:: Data for review ::
= = = =

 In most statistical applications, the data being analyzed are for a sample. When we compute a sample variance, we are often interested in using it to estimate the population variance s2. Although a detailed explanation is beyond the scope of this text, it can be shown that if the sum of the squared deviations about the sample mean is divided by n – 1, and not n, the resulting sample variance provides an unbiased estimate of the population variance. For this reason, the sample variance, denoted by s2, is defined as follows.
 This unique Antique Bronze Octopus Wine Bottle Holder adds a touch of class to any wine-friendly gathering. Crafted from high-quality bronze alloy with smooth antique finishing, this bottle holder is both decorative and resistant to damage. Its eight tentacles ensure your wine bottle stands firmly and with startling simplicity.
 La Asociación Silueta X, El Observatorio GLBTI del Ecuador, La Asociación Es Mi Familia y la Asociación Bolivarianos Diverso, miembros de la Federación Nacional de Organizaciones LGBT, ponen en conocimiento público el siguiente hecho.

= = = =

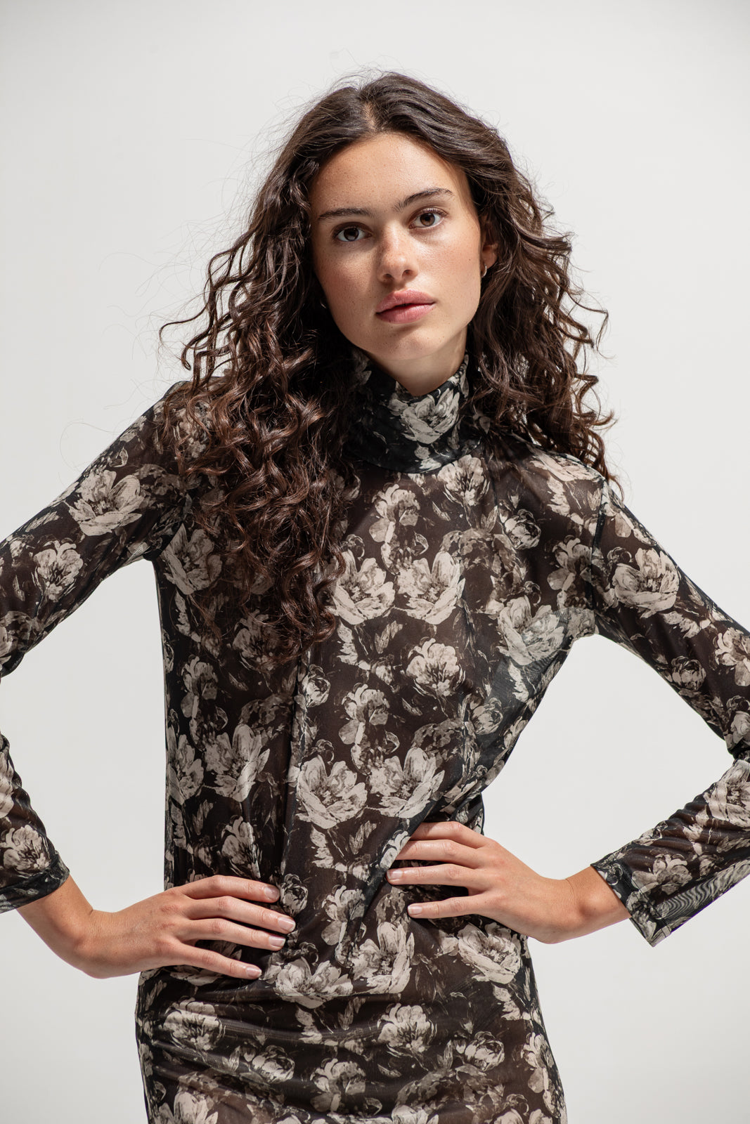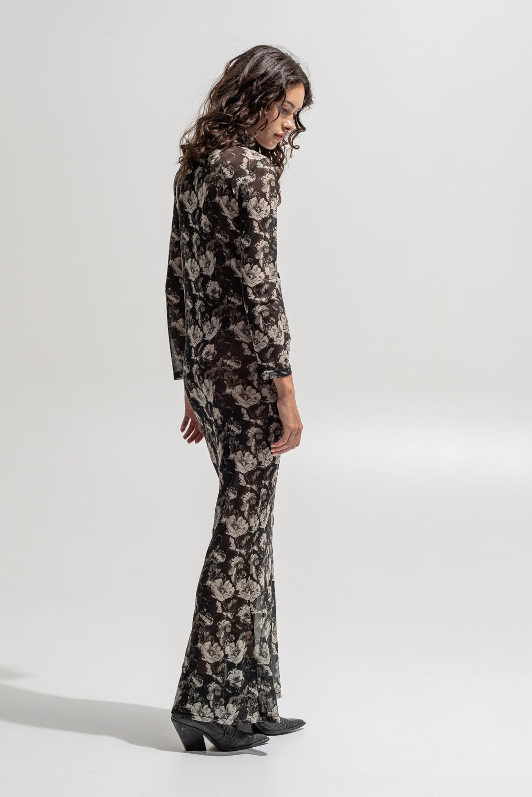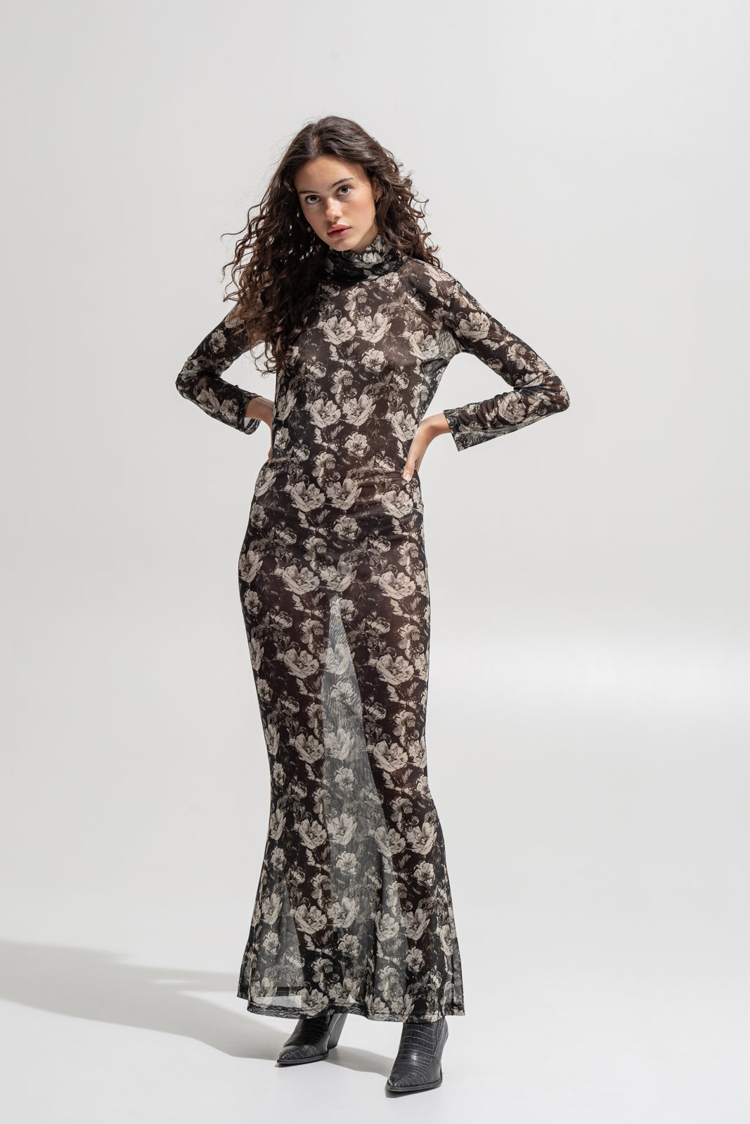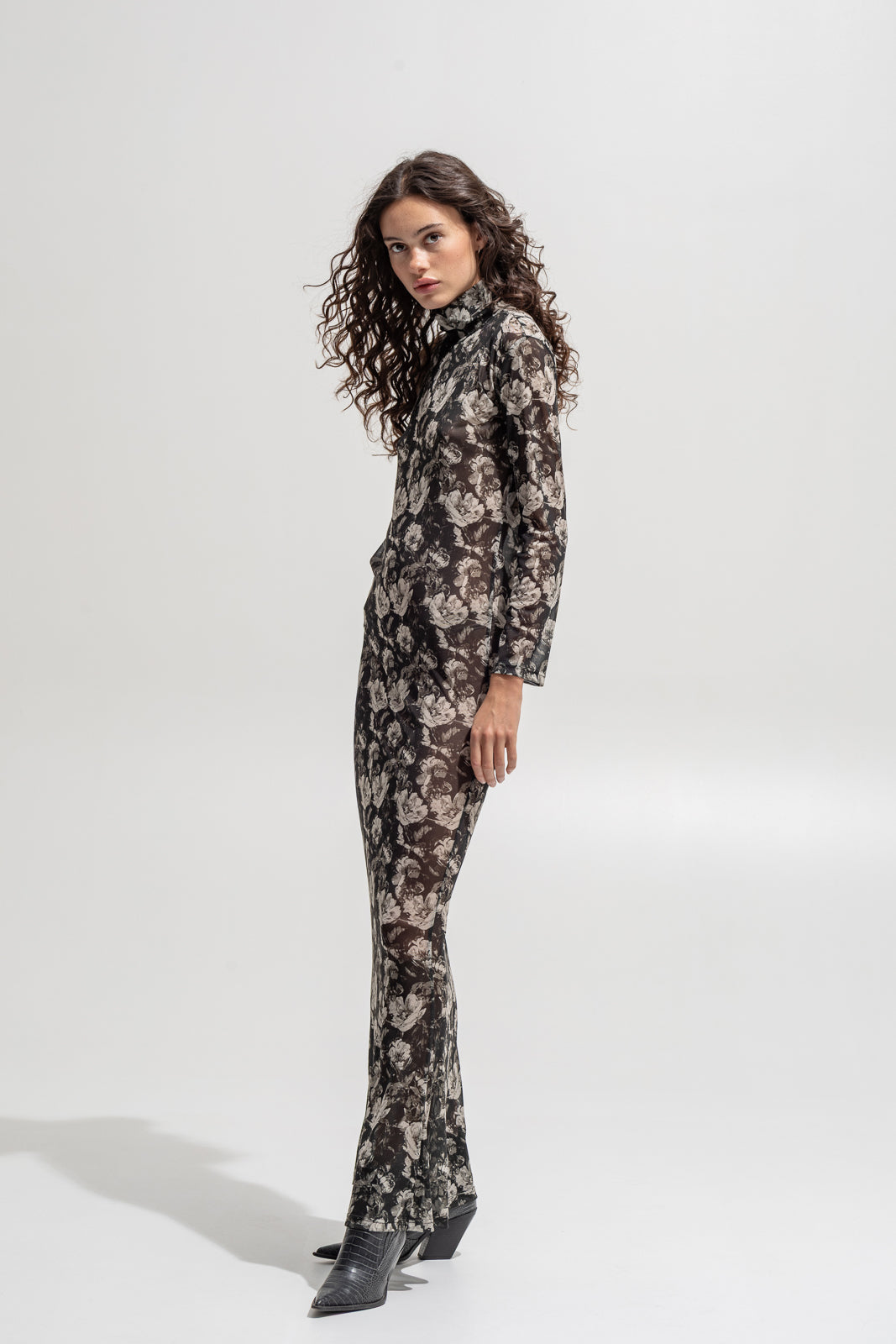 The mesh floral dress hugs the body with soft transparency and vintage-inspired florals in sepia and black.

= = = =

:: Work instructions ::
Go through the listing above and write out exactly the lines starting with the one holding "In most statistical" and running through the one holding "La Asociación Silueta", ends included, and no others.

:: Answer area ::
 In most statistical applications, the data being analyzed are for a sample. When we compute a sample variance, we are often interested in using it to estimate the population variance s2. Although a detailed explanation is beyond the scope of this text, it can be shown that if the sum of the squared deviations about the sample mean is divided by n – 1, and not n, the resulting sample variance provides an unbiased estimate of the population variance. For this reason, the sample variance, denoted by s2, is defined as follows.
 This unique Antique Bronze Octopus Wine Bottle Holder adds a touch of class to any wine-friendly gathering. Crafted from high-quality bronze alloy with smooth antique finishing, this bottle holder is both decorative and resistant to damage. Its eight tentacles ensure your wine bottle stands firmly and with startling simplicity.
 La Asociación Silueta X, El Observatorio GLBTI del Ecuador, La Asociación Es Mi Familia y la Asociación Bolivarianos Diverso, miembros de la Federación Nacional de Organizaciones LGBT, ponen en conocimiento público el siguiente hecho.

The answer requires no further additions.